• _Problem to work on_: Go through the data and copy every line exactly, but not the images.

• _Dataset extract_:
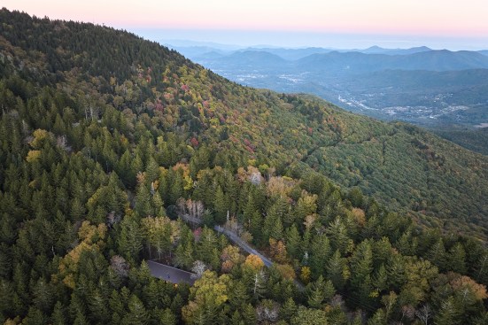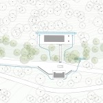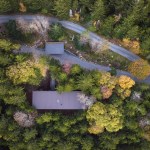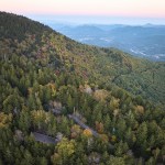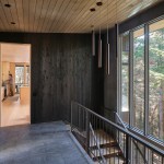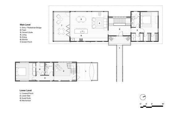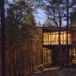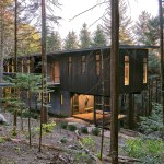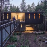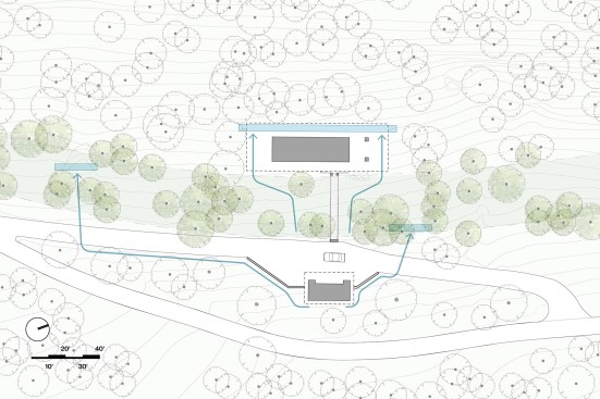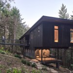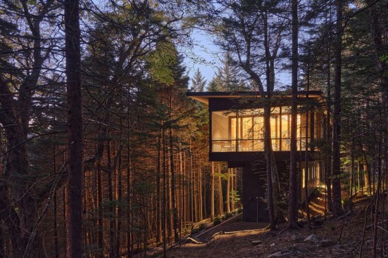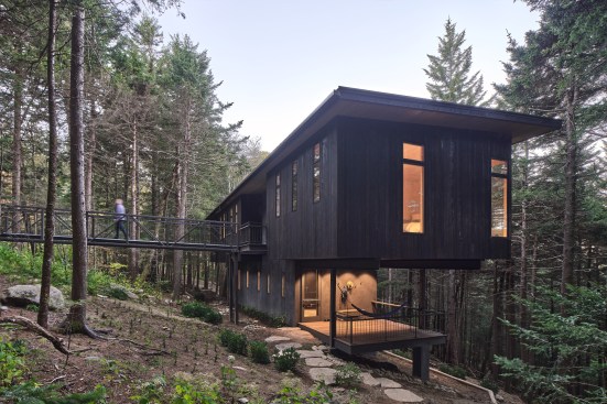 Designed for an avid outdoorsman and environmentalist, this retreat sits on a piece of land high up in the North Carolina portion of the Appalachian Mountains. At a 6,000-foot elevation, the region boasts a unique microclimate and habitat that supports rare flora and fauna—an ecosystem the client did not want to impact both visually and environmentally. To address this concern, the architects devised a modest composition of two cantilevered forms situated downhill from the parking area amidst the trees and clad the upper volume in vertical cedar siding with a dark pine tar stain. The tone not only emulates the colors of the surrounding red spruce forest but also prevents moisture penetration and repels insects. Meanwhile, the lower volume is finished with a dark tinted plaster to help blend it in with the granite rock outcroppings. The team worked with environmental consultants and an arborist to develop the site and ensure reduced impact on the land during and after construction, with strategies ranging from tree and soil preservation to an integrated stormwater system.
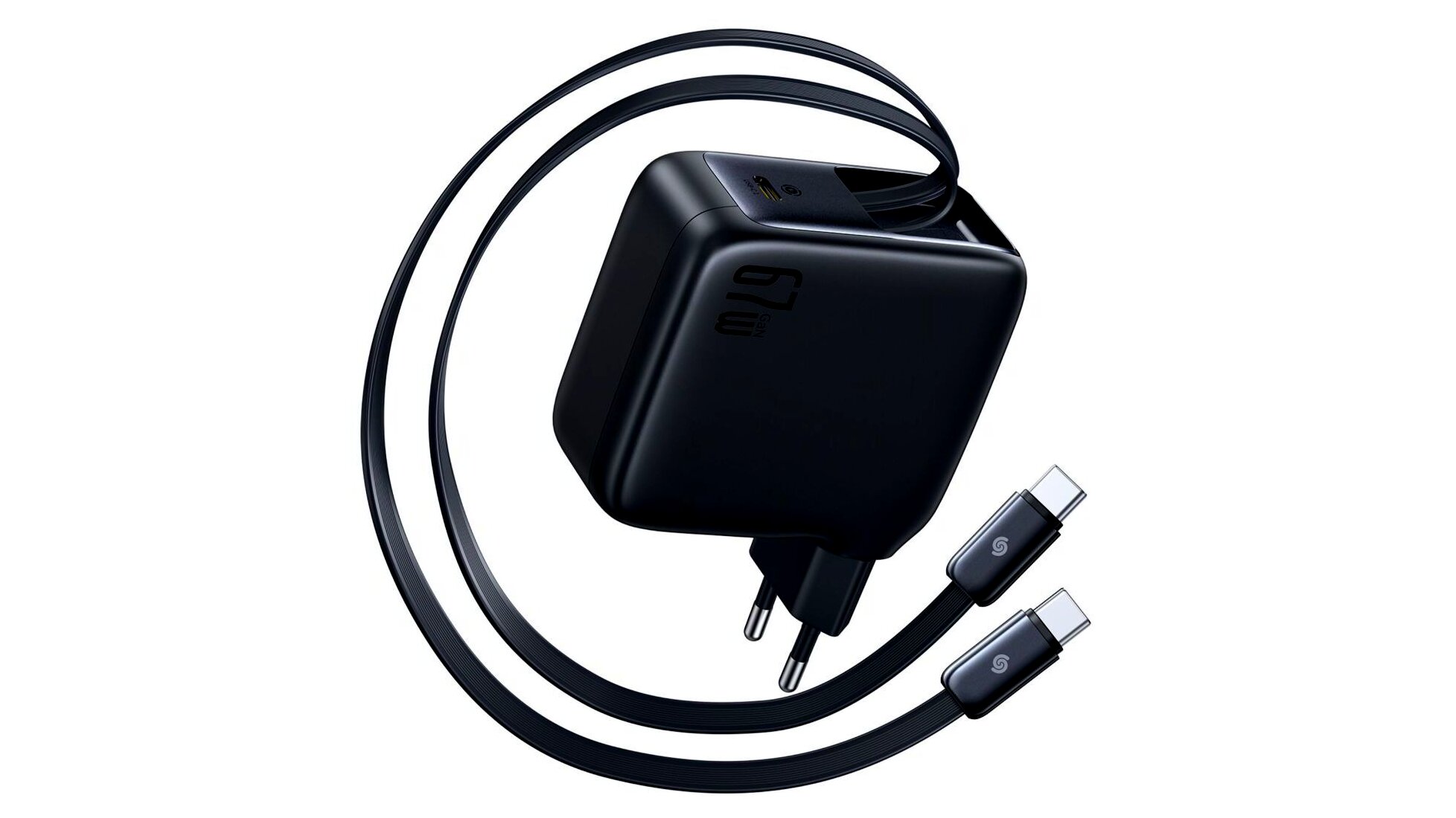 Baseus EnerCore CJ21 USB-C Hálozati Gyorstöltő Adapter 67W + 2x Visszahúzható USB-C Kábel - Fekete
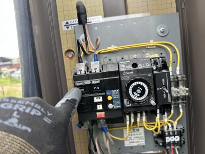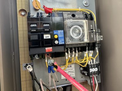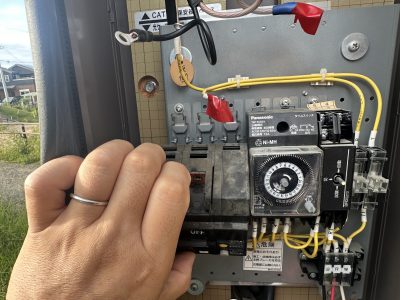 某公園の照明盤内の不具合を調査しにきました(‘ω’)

• _Expected output_:
 Designed for an avid outdoorsman and environmentalist, this retreat sits on a piece of land high up in the North Carolina portion of the Appalachian Mountains. At a 6,000-foot elevation, the region boasts a unique microclimate and habitat that supports rare flora and fauna—an ecosystem the client did not want to impact both visually and environmentally. To address this concern, the architects devised a modest composition of two cantilevered forms situated downhill from the parking area amidst the trees and clad the upper volume in vertical cedar siding with a dark pine tar stain. The tone not only emulates the colors of the surrounding red spruce forest but also prevents moisture penetration and repels insects. Meanwhile, the lower volume is finished with a dark tinted plaster to help blend it in with the granite rock outcroppings. The team worked with environmental consultants and an arborist to develop the site and ensure reduced impact on the land during and after construction, with strategies ranging from tree and soil preservation to an integrated stormwater system.
 Baseus EnerCore CJ21 USB-C Hálozati Gyorstöltő Adapter 67W + 2x Visszahúzható USB-C Kábel - Fekete
 某公園の照明盤内の不具合を調査しにきました(‘ω’)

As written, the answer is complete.